Le Français lui-même ne comprenait pas pour quelle raison la pitié s'invitait ainsi en son sein. Ce type méritait-il ces sacrifices ? Le plus jeune n'arrivait pas à se convaincre que non. L'être qui se tenait face à lui était bien fait de chair et de sang et il souffrait dans une plainte quasi muette.
—Vous devriez vous asseoir, l'opération pourrait bien durer plusieurs heures, prétendit-il, avec tout le calme qui lui était permis.
Draco lui offrit un regard voilé par une angoisse terrible. Celle qui circulait dans ses veines jusqu'à sa poitrine où battait frénétiquement son organe vital.

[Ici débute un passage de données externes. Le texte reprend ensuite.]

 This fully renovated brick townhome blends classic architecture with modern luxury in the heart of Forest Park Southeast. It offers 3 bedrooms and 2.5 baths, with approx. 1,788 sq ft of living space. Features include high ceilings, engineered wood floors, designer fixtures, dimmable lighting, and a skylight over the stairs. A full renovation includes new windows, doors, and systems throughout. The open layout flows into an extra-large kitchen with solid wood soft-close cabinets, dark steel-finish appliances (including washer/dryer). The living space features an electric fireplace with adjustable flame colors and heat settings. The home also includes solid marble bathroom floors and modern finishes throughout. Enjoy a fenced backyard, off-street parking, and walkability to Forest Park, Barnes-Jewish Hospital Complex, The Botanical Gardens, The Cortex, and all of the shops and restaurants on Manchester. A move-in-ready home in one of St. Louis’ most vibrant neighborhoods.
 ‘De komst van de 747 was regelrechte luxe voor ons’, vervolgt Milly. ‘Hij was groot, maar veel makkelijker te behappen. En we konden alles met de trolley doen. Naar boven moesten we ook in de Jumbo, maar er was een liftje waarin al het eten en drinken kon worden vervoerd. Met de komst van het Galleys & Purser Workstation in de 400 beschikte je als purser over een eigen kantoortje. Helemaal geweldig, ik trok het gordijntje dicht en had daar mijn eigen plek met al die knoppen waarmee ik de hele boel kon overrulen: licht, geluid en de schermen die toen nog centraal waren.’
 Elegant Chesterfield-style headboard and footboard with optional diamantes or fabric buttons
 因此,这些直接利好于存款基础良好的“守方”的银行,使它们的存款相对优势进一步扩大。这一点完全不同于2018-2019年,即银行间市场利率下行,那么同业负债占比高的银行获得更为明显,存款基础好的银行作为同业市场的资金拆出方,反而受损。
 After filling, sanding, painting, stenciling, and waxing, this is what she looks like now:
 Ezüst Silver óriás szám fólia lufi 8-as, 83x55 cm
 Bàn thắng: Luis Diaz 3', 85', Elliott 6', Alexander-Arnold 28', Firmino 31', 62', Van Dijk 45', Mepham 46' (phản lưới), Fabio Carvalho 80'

Dans sa tête hurlait une voix, elle hurlait à s'en briser les cordes vocales et lui ne parvint plus à jouer les sourdes oreilles. Sans un bruit, il s'effondra sur l'imposant fauteuil qui trônait dans un coin du petit salon.
—Des heures ? reprit-il, avide de détails qu'il aurait pourtant préféré ne pas entendre.
—On ne peut pas savoir à l'avance, exposa Harry, soutenant les orbes atypiques de son vis-à-vis. Ça varie en fonction de beaucoup de choses.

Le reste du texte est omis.